Ориноко так широка, что невозможно различить противоположный берег, невозможно понять, где кончается грязевой океан, переходя в воду. Она лежала, ждала отплытия и тщетно пыталась себе представить бескрайние равнины, мимо которых поплывет, поднимаясь вверх по реке, те сотни миль, которые ей предстоит преодолеть, чтобы оказаться на юго-западе. Запах пота, солярки, жареных бананов вызывал все более ощутимую тошноту; она подумала: можно подняться на палубу, подышать воздухом, посмотреть на погрузку ящиков, на прибытие пассажиров — время от времени среди скрежета цепей и клекота лебедок она различала в коридоре голоса. Можно почитать книжку, купленную в магазине на центральной улице, или попробовать подремать. Мягкое покачивание пароходика — толстые канаты никуда, никуда его не отпустят — ласково ее убаюкивало и, не успев ничего решить, она задремала.
Просидев ранним утром с полчаса в раздумьях и сомненьях над чашкой кофе у стойки бара на углу, я все-таки отправился к ней и дошел до ее дома. Только-только начинало светать, небо едва серело. Я походил туда и сюда перед дверью, наблюдая, как уборщицы из мэрии моют тротуар. Вспомнил код, поднялся, все равно рано или поздно мне пришлось бы сюда войти. Ставни закрыть было некому, комната пахла серой сыростью раннего осеннего дня, воспоминания вошли со мной. Диван, низкий столик, я не мог на них даже взглянуть, а собственно, почему? — мебель себе и мебель, она ни о чем не помнит — черный блестящий комод показывал полупустое нутро — свитера, майки; и всюду, куда ни посмотришь, книги — стопками, кучками. Чашка, вымытый стакан на краешке раковины; два распечатанных счета на столе, фотография Юрия прикноплена к стене над аккуратно прибранным письменным столом, я обратил на нее внимание еще в прошлый раз, и теперь, увидев вновь, ничего не почувствовал.
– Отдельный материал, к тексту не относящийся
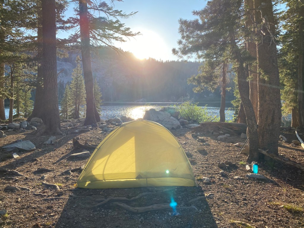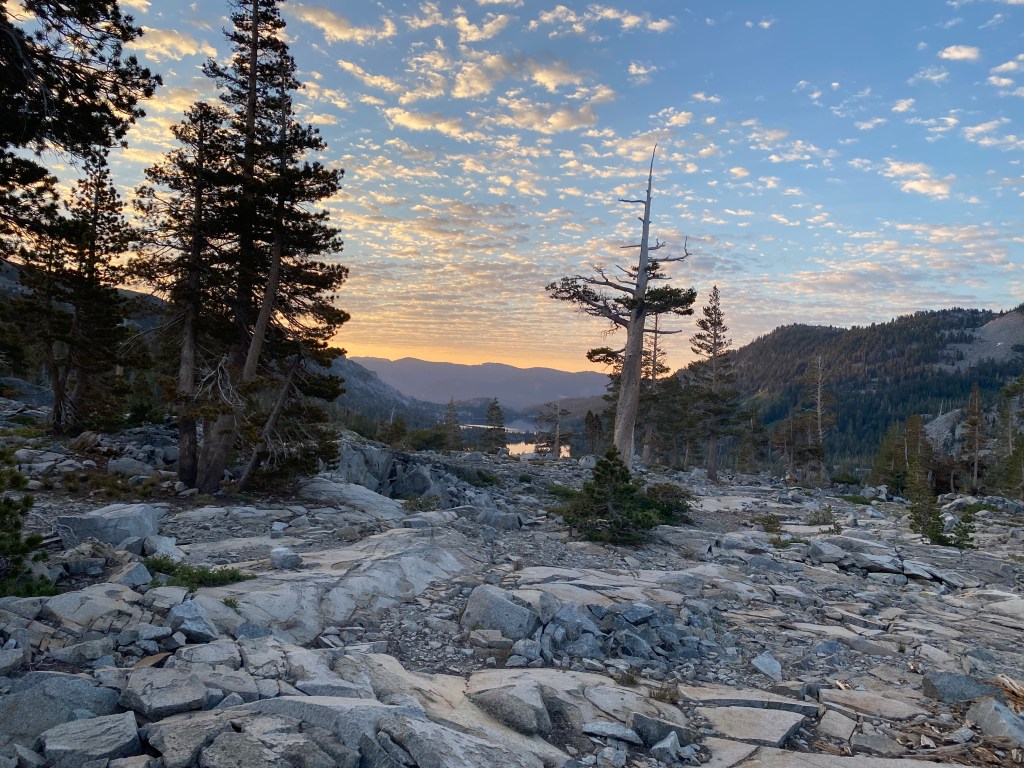 Eventually I made it into Desolation Wilderness, a part of the trail I was really looking forward to as everyone raves of its beauty. I’m really happy Addie isn’t here for it. The terrain is sharp and rocky, surely injuring her delicate little feet since she refuses to wear her booties! Now let me tell you desolation did not start off and on a good foot. Between the rocks, my tired legs, my rumbling belly, bloodthirsty swarming mosquitoes, and the sun setting right in my face, I must’ve look like I just finished 60 mimosas. I was so frustrated that I’m sure I scared any bears away with my clumsy stumbling and frustrating yells. But alas, at 7 PM, I made it to the Tamarack Lake. With just enough sunlight to eat and set up camp, I’m ready to just pass out to the humming of a million mosquitos.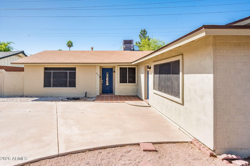 Listing details for 8407 Crestwood Way, Scottsdale, AZ 85250 : Welcome to this well-maintained property, featuring five bedrooms and three baths, including a main house with an in-law suite, perfect for a family member, parent, or a teenage student. The main property features four spacious bedrooms and two bathrooms. The in-law suite includes one bedroom, one bathroom, a kitchen, and a living area. The main house features an open great room floor plan with a large kitchen equipped with ample cabinets, a kitchen island, granite countertops, and a cozy eat-in area. The fourth bedroom can serve as a den or an office (there is a closet). The second and third bedrooms offer built-in bookcase shelving for extra storage. The primary bedroom is spacious and includes a generous walk-in closet. You can take advantage of the indoor laundry room, which has an additional storage/hobby room. Appliances such as the refrigerator, washer, and dryer are included with the home. This property boasts several additional features, including sunscreens, window coverings, beautiful flooring, light-colored paint, closet built-ins, ceiling fans, and more. Enjoy the benefits of north/south exposure on a private lot, featuring a sitting patio. The front and backyard are enhanced by easy-to-maintain desert landscaping. Situated in a desirable Scottsdale location, this home is near Old Town Scottsdale, spring training baseball, Scottsdale Fashion Mall, ASU, freeways, parks, golf courses, bike paths, restaurants, Talking Stick Casino, and much more!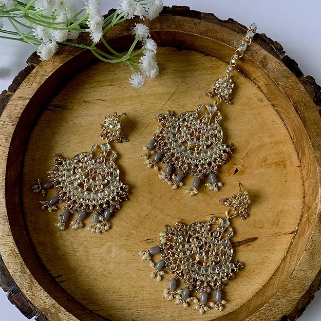 Maang Tikka with Pearl in Gold Plated Big Kundan Chandbali Earring Set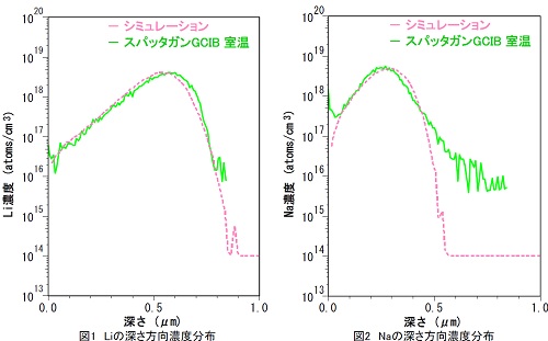 スパッタイオン源にGCIBを用いてLiおよびNaの深さ方向分析をTOF-SIMSで行った結果を図1,2にまとめます。 その結果、Liに関してはシミュレーションとも良く一致しております。 Naに関してピークトップ近傍は同じ分布を示しておりますが、ノックオンの影響などで深さ方向にダレが生じております。

Я попытался понять, зачем я сюда пришел, что ищу здесь, и не решился заглядывать слишком глубоко, чтобы и вправду не понять и не найти; такие находки небезопасны. Мало-помалу я обжился среди ее вещей. Тех, что она здесь оставила. Я хотел бы найти среди них какую-нибудь одну, которая говорила бы обо мне, надеялся отыскать что-то вроде знака — безделушку, записку, втайне обращенную ко мне.
Я обошел ее комнату, не посмев ни к чему прикоснуться, и почувствовал вдруг — совершенно естественно — усталость и глубокий покой серого осеннего рассвета, сел на диван, посидел, а потом вытянулся на нем, расслабившись, но не засыпая, чувствуя ее всем телом рядом, глядя на подушку. Чем он мог привлечь ее, обворожить, гадал я, не в силах забыть висящую на стене фотографию, это ведь что-то немыслимое, невозможное, нет, конечно, я все могу понять, но это же обаяние иллюзии, ворожба миражей. Его страдания, ностальгия, юмор, внешность. Его манера подолгу сидеть, не произнося ни слова. Его семья — буржуазная и космополитичная до невероятия.
Я не побоялся и как-то вечером заговорил с ней об этом: ты ошиблась, Юрий — оболочка, внутри него пустота, он ищет, чем себя заполнить, хочет найти смысл и оправдание собственному существованию, он не может по-настоящему пойти навстречу другому человеку. Она соглашалась, кивая, переплетая пальцы, не глядя на меня, а я медленно и осторожно вел машину, выискивая самый извилистый путь, чтобы продолжать разговор. Она не говорила ни слова, она меня слушала или делала вид, что слушает, и я стал приводить примеры, в общем, те, какие мог найти. Но… Он ведь твой друг? Или я чего-то не поняла? Вот был ее ответ, недоуменный и отчасти обиженный. Да и нет, он мой приятель, коллега, ответил я, надеясь, что она разгадает истину, больше всего я не хотел оттолкнуть ее от себя, хотел все ей сказать, ничего не говоря, хотел, чтобы она все поняла без объяснений. Такое вряд ли возможно, хотя кто знает, в общем, вернулся я к Юрию, он гибнет сам и погубит ее. В свете моих фар парижские улицы казались поблескивающими лабиринтами. На задах улицы Сен-Уэн она спросила, не заплутался ли я. Да нет, в два часа ночи на площади Клиши пробки, нехотя ответил я. Ей по-прежнему были невдомек мои уловки, но я мог говорить с ней только о Юрии, и я продолжал: понимаешь, он врач, а это предполагает большую ответственность, он не имеет права столько пить. Ну пойми же, пойми! Она поняла, без сомнения, подумав о самом худшем, и посмотрела на меня с раздражением. Не стоит преувеличивать, он не алкоголик, не знаю, чем он так тебе досадил!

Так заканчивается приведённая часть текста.